* Information supplied
*****
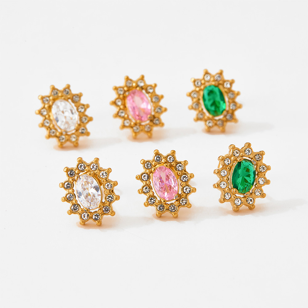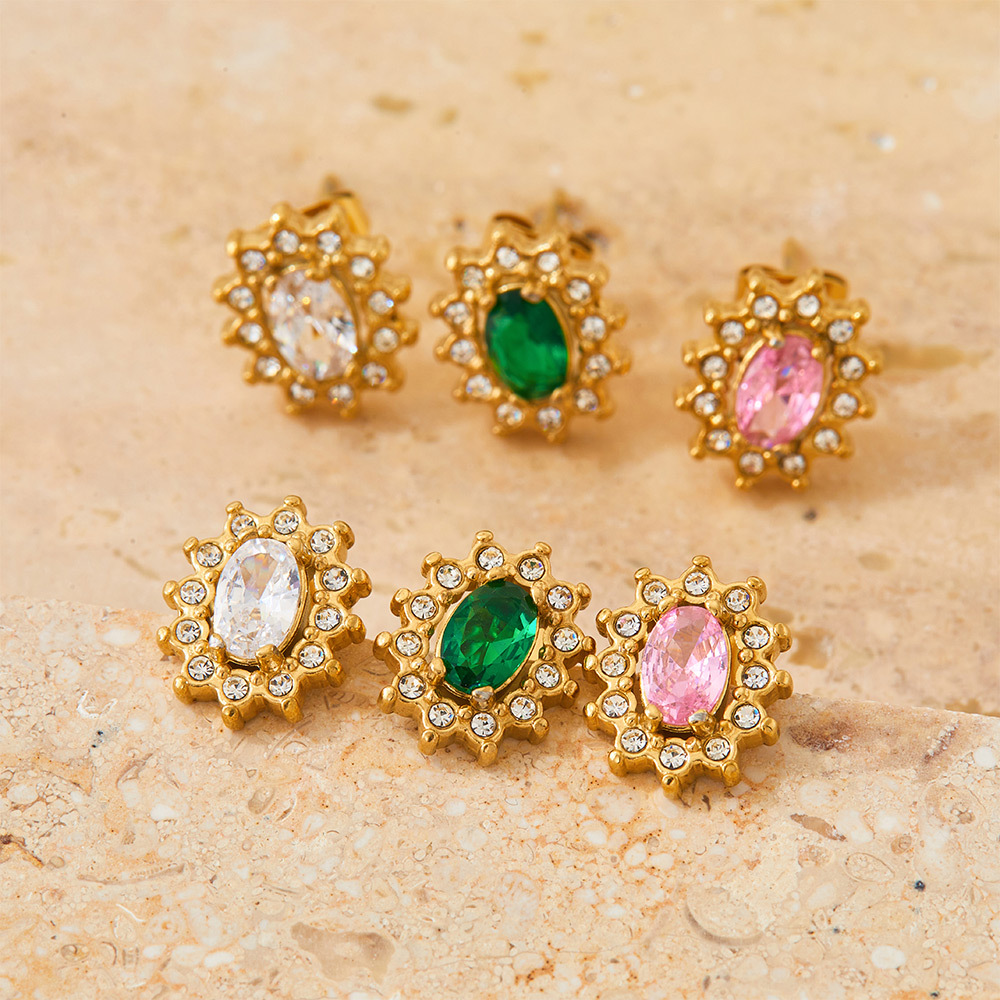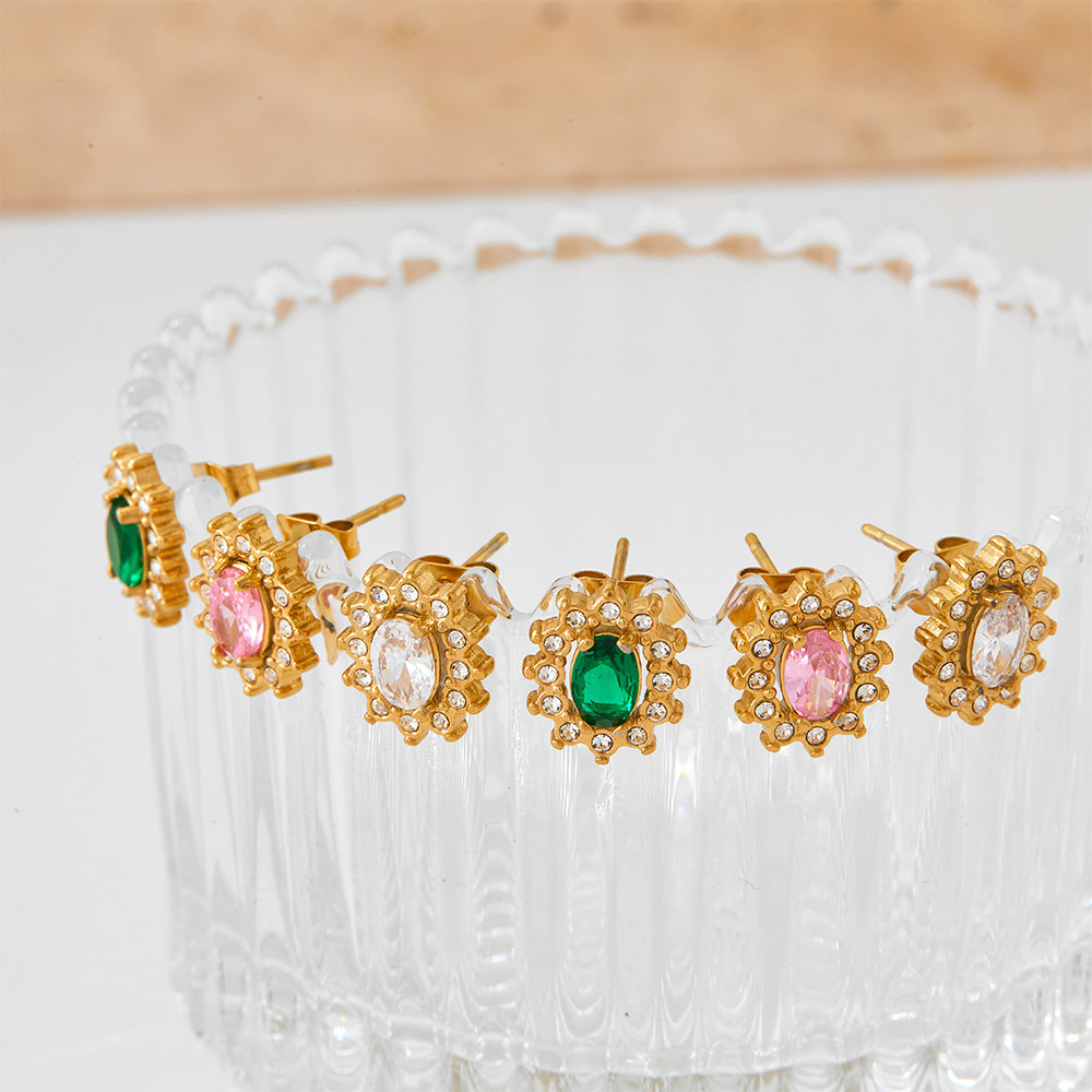 Latest Design Fashion Stud Earrings High Quality Stainless Steel Colorful Zircon 18K Gold Plated Sunflower Shaped Earrings For Women
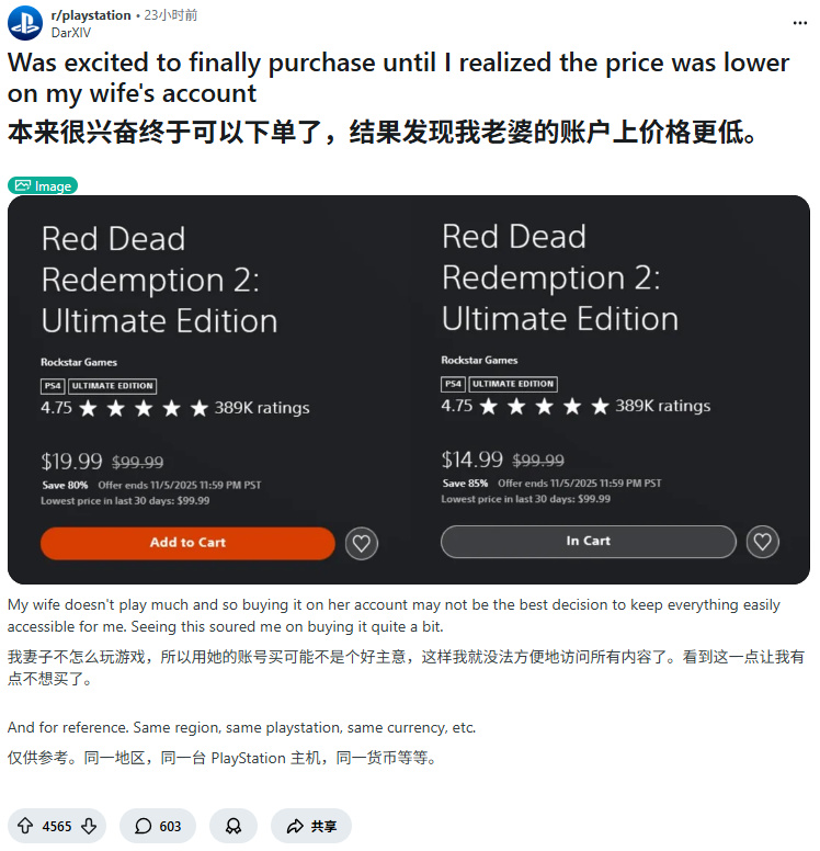 相關討論源於Reddit平臺r/playstation版塊用戶發帖揭露同一家庭兩個PS賬戶中《荒野大鏢客2:終極版》的定價差異。用戶名爲DarXIV的發帖者表示,雖"對終於購入感到興奮",但發現妻子賬戶價格更低後興致驟減:"妻子不常玩遊戲,用她賬戶購買會導致我難以便捷訪問。這個發現極大挫傷購買意願。"
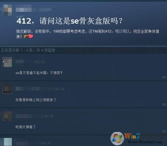 其实在Steam国区在4月27解锁时,当时售价199元,不过仅仅3小时之后,戏剧性的变化让玩家错愕:售价突然上调至412元。一时间让买了游戏和没买游戏的都炸了锅,各种平台都被刷满了差评,甚至开发商SE旗下的最终幻想7和古墓丽影崛起等都躺着中枪……
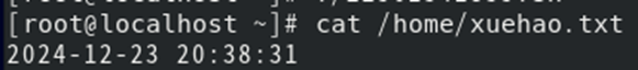 接着使用cat /home/xuehao.txt查看运行结果,发现运行成功。
*****
* How to complete this task
Line by line, reproduce exactly the lines from the one containing "其实在Steam国区在4月2" through the final line of the material, both included, leaving every picture out.

* Finished exercise
 其实在Steam国区在4月27解锁时,当时售价199元,不过仅仅3小时之后,戏剧性的变化让玩家错愕:售价突然上调至412元。一时间让买了游戏和没买游戏的都炸了锅,各种平台都被刷满了差评,甚至开发商SE旗下的最终幻想7和古墓丽影崛起等都躺着中枪……
 接着使用cat /home/xuehao.txt查看运行结果,发现运行成功。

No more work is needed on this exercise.